Новый этап в развитии русской философии начинается на ру­беже XIX-XX вв. Преодолев через кантианство искус позитивиз­ма и марксизма, наиболее мыслящая часть русской интеллигенции поворачивает к “идеализму”, первоначально этическому, а за­тем и религиозно-метафизическому.

Начинается особенно острое осмысление тем Достоевского, в чем инициирующую роль сыграло творчество Дмитрия Сергеевича Мережковского (1865— 1941) и Василия Васильевича Розанова ( 1856-1919). Ценность личности и личной судьбы была противопоставлена господство­вавшей весь XIX в. ценности социальности, что вовсе не означало отрешения от социально-философской проблематики, а скорее уг­лубление ее анализа.

Новый этап в развитии русской мысли часто вполне справед­ливо называют русским философским ренессансом, связывая его с творчеством таких выдающихся мыслителей, как Петр Бернгардович Струве (1870-1944), Павел Иванович Новгородцев (1866-1924), Сергей Николаевич Булгаков (1871-1944), Нико­ лай Александрович Бердяев (1874-1948), Семен Людвигович Франк (1877-1950), Лев Исаакович Шестов (1866-1938), Ни­колай Онуфриевич Лосский (1870-1965), Павел Александро­вич Флоренский (1882-1937), Лев Платонович Карсавин (1882-1952), Иван Александрович Ильин (1883-1954), Алексей
Федорович Лосев (1893-1988).

К 1920-м гг. русская философия достигает стадии расцвета, фактически формулируя все ведущие программы мировой фило­софии XX в., но не теряя при этом, в отличие от аналогичных или близких направлений западной мысли, глубин феноменолого­ герменевтической проработки христианства, опознаваемого в ка­честве адекватного фундамента гуманистического мировоззрения современности.
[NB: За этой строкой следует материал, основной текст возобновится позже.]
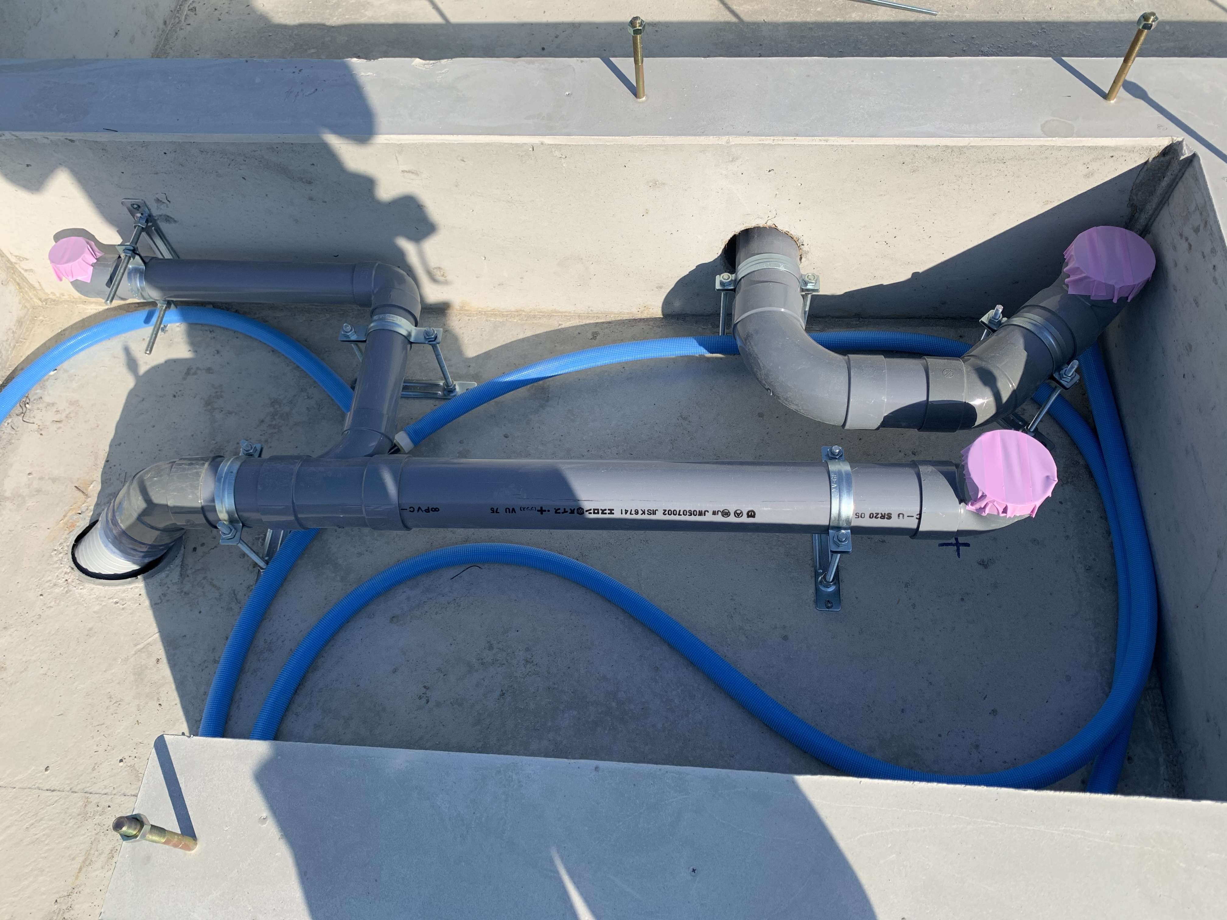 浄化槽が入る現場なので浄化槽までの外部配管をし、基礎中の転がし配管を終わらせて来ました!
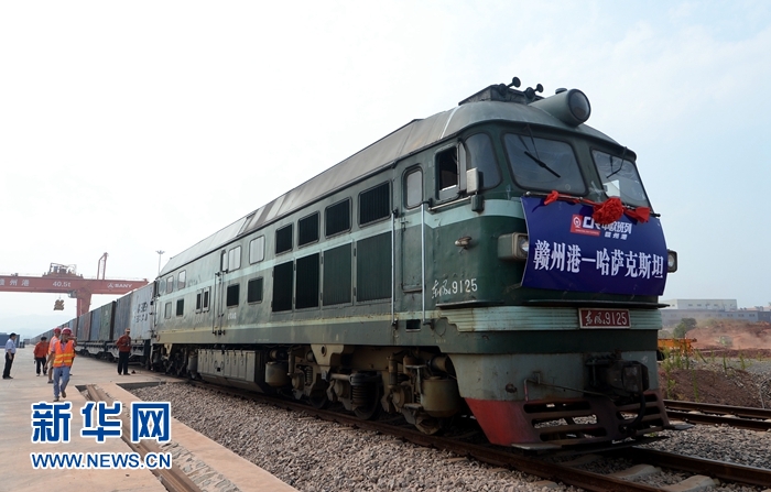 为世界和平发展注入强劲正能量——记中国担任上海合作组织轮值主席国一年间在江西省赣州市南康区赣州港,“赣州港至哈萨克斯坦”中欧班列等待发车(2017年7月27日摄)。新华社记者 彭昭之 摄

Однако в результате национальной катастрофы 1917 г. развитие свободной и оригинальной философии внутри страны были грубо прервано. Многие русские мыслители продол­жили свое творчество в эмиграции, активно включившись в евро­пейский философский процесс, оказав по ряду позиций значи­тельное на него влияние.
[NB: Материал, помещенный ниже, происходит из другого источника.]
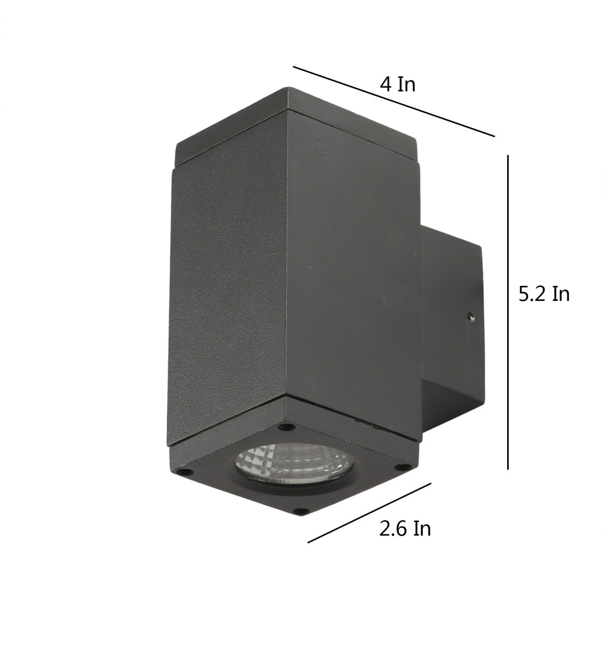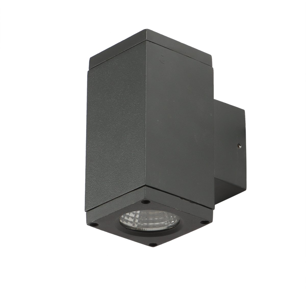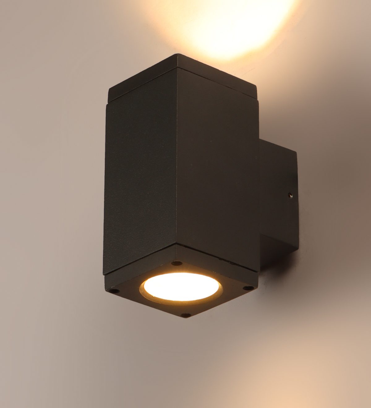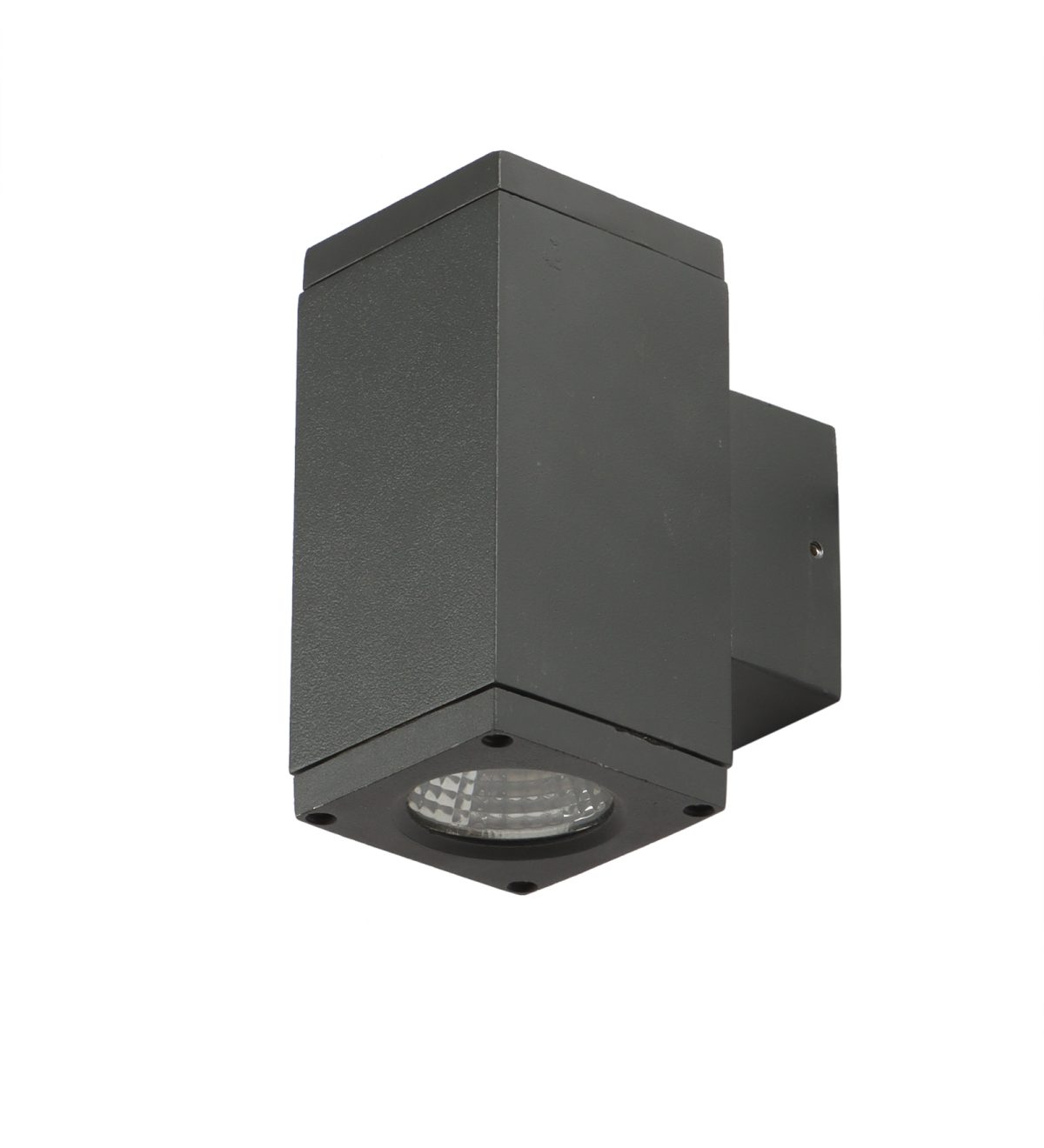 Vertical, square shaped, two way up and down aluminum die cast outdoor wall light in gray finish using high quality LED and driver with high success rate having less than 0.5% replacement. It is a two way light with high output having 5W COB with reflector for more light output. It is economical and one of the most popular design preferred by the lighting designers, builders and architects. It can be used in both indoor and outdoor applications such as stair case walls, terrace walls, outdoor walls, boundary walls, open parking, stilt parking, basement parking, passage walls, entrance pillars. Also available in one way (Code Wl2326). IP54 rated. Protection against splashed water can be customized as per requirement for bulk quantities.

В качестве наиболее существенной черты русской филосо­фии обычно рассматривают ее принципиальный онтологизм, ибо, по мнению большинства русских мыслителей, в том числе и нерелигиозной ориентации, обычная, характерная для клас­сической западной философии, субъект-объектная установка не проникает во внутреннюю реальность предмета. Цель же со­ стоит в “бытийственном”, целостном вхождении познающего человека в существующее, чем достигается подлинное его по­знание.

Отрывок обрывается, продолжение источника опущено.